In Russia, the growth machines acquire specific characteristics due to the unstable and problematic status of land ownership [48] under the transition from socialist planned economy to post-socialist capitalist economy, non-transparent schemes of public procurement and tendering, lacking public discussion around amendments to the General Plan and other city planning documents, as well as the activities of both the local and national economic and political elites who initiate urban (re)development and benefit from it [49]. The strong advocacy groups in big Russian cities are reported to use both legal and nonle- gal instruments to wear down the reactive resistance of the urbanites [50].

All the participants of the contestation, be that the locals, the activists or the political and economic elites, actively shape the “image of the enemy”, which is often represented as a coalition of opponents who benefit from their agreement. It is worth noting that the construction of such images of the adverse coalitions is not necessarily based on their actual existence: it may be part of the symbolic fight over the urban space unfolding under the conditions of unequal access of conflict parties to the decision-making regarding the urban territories [51].

Indeed, in St. Petersburg such strategies of city administration in association with big businesses have been often discursively confirmed by public calls and pronouncements of high-level officials. For instance, in her Annual Letter and Report -- 2006, the then Governor of the city Valentina Matviyenko repeatedly emphasized the need to master new urban territories including the construction of new elite housing estates in former industrial zones: “The speed of construction calls for dealing with an increasing number of new lands including depressed zones. This important resource of urban development has remained unclaimed since Soviet times... For example, we are planning the integrated development of Severnaya Dolina micro-district” [52].

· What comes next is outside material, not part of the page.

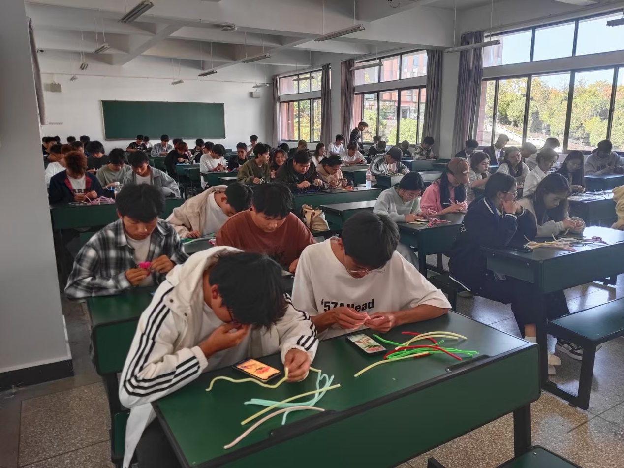 活动当天,同学们满怀热情地聚集在指定场地,现场气氛热烈而有序。活动开始前,团总支组织部负责人进行了简短的开场致辞和扭扭棒使用技巧的说明,帮助初次接触的同学快速上手。随后,同学们有序排队领取扭扭棒材料,围绕“扭转乾坤,乐享创意”的主题,开始了紧张而充满乐趣的创作过程。
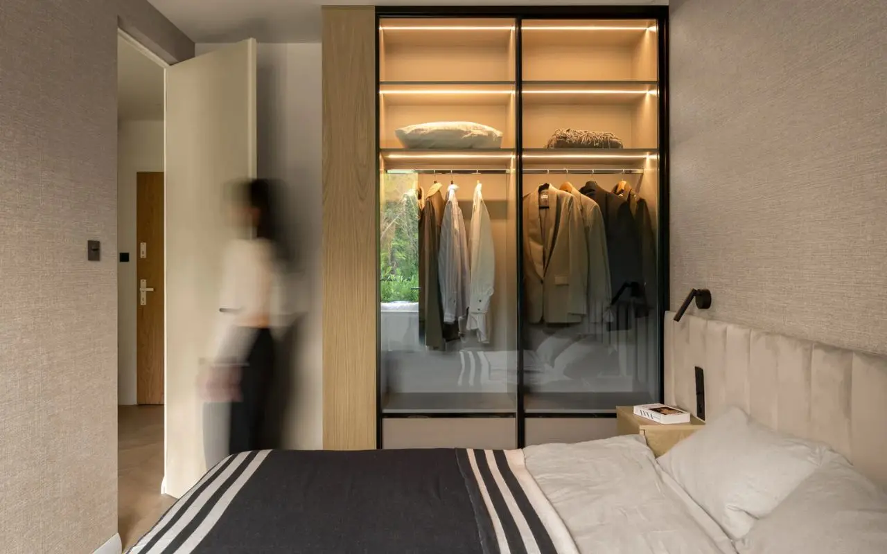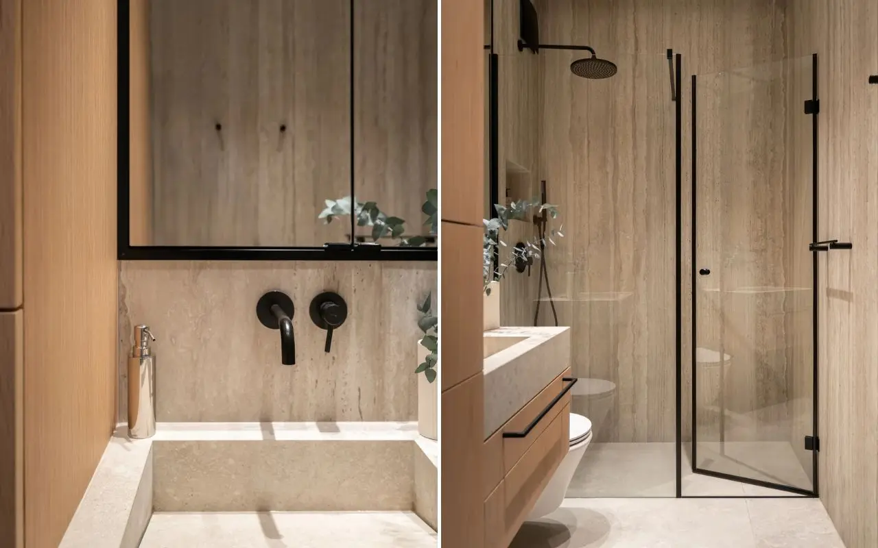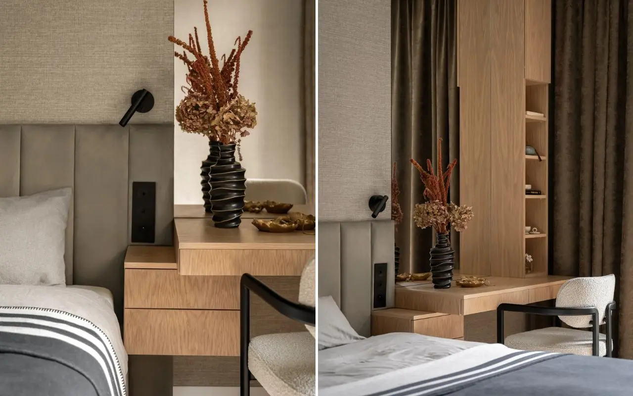 W małym mieszkaniu najłatwiej popełnić jeden błąd - próbować zmieścić zbyt wiele. Tutaj od początku było wiadomo, że przestrzeń ma dawać oddech. Dlatego zabudowy ukryto tak, by nie dominowały we wnętrzu. W holu powstały pojemne szafy, a ich fronty stapiają się ze ścianą. Podobnie wygląda łazienka, gdzie każdy centymetr został dobrze wykorzystany, choć nic nie sprawia wrażenia ciasnego ani przeładowanego. W przypadku tego wnętrza niezwykle ważne okazało się także konsekwentne powtarzanie tych samych materiałów. Ta sama płyta pojawia się w kilku pomieszczeniach, drewno przechodzi z salonu do sypialni, a neutralna paleta prowadzi wzrok przez całe wnętrze. Efekt jest prosty, ale bardzo skuteczny - mieszkanie wydaje się większe, spokojniejsze i bardziej uporządkowane.

The processes of accumulation by dispossession can make a powerful trigger of conflicts between the elites who follow the notions of the exchange value of urban territories, and the weaker groups who often refer to the use value of these territories based on memory and habit as well as the people's time, physical and other investments [44, p. 32]. Thus, the propertied model of urban spaces disposal imposed by city administration and big investors and based on the “right to exclude” is constantly contested by the urbanites who claim their “right not to be excluded” [53, p. 316].

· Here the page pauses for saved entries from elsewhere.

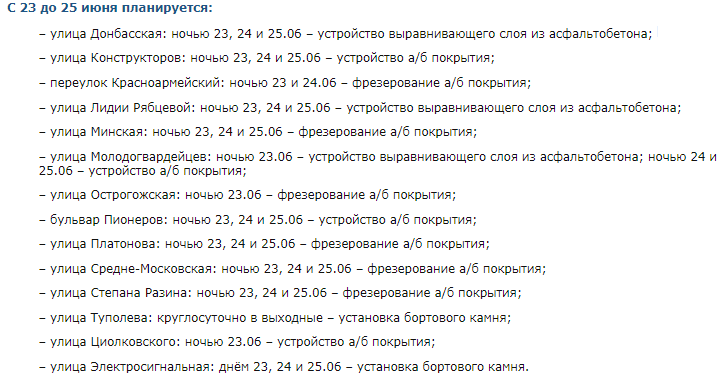 Как сообщает пресс-служба городской администрации, с 23 июня по 25 июня работы планируются на четырнадцати улицах. На большинстве из участков пройдет устройство и фрезерование покрытия, также запланирована установка бортового камня.
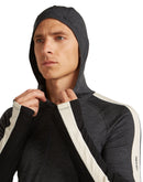 Das Icebreaker Merino 200 Oasis Plus Half Zip Hood ist eine mittelwarmes Herren Merino Shirt mit Kapuze und Streifendesign am Oberarm. Das 200g/m² dicke Oberteil ist durch 100% Merinowolle komfortabel warm und geruchsabweisend. Die Kapuze schließt gut ab und schützt den Kopf vor Wind und Kälte. Raglan Ärmel sorgen für Bewegungsfreiheit im Schulterbereich und Flachnähte verhindern Druckstellen. Daumenschlaufen verhindern ein verrutschen der Ärmel und bilden einen schützenden Übergang zwischen Handschuh und Jackenärmel. Das Merino Longsleeve ist aufgrund der mittleren Materialstärke ein idealer Allrounder fürs Skifahren, Skitouren -oder Schneeschuhlaufen.
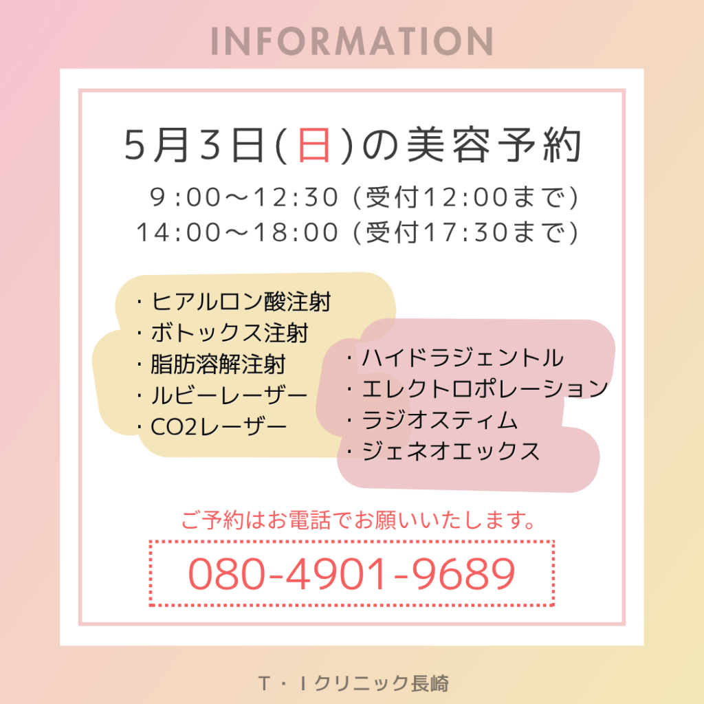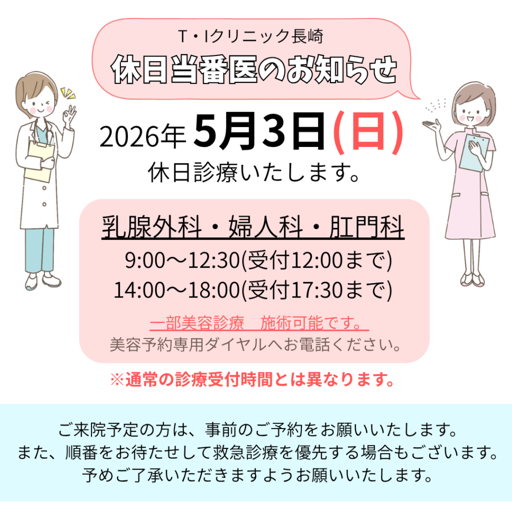 2026年5月3日(日)は、休日当番医として診療いたします。

Paternalism in post-Soviet cities

Describing the particularities of the urbanites' response to unpopular (re)develop- ment decisions and actions in big post-Soviet cities, many Russian scholars point at the passivity of citizens and the willingness of innumerous local activists to maintain patron- client relationships with the state. The reproduction of such asymmetric relations between governmental bodies and urban local communities is found both in Soviet [54] and postSoviet [55] past and present and thoroughly described in the researches of local protest initiatives [24; 56; 57]. Boris Gladarev [24, p. 164-165] especially emphasizes the inclination of the citizens to address state institutions with complaints and requests in case of emergency expecting the latter to provide protection and assistance.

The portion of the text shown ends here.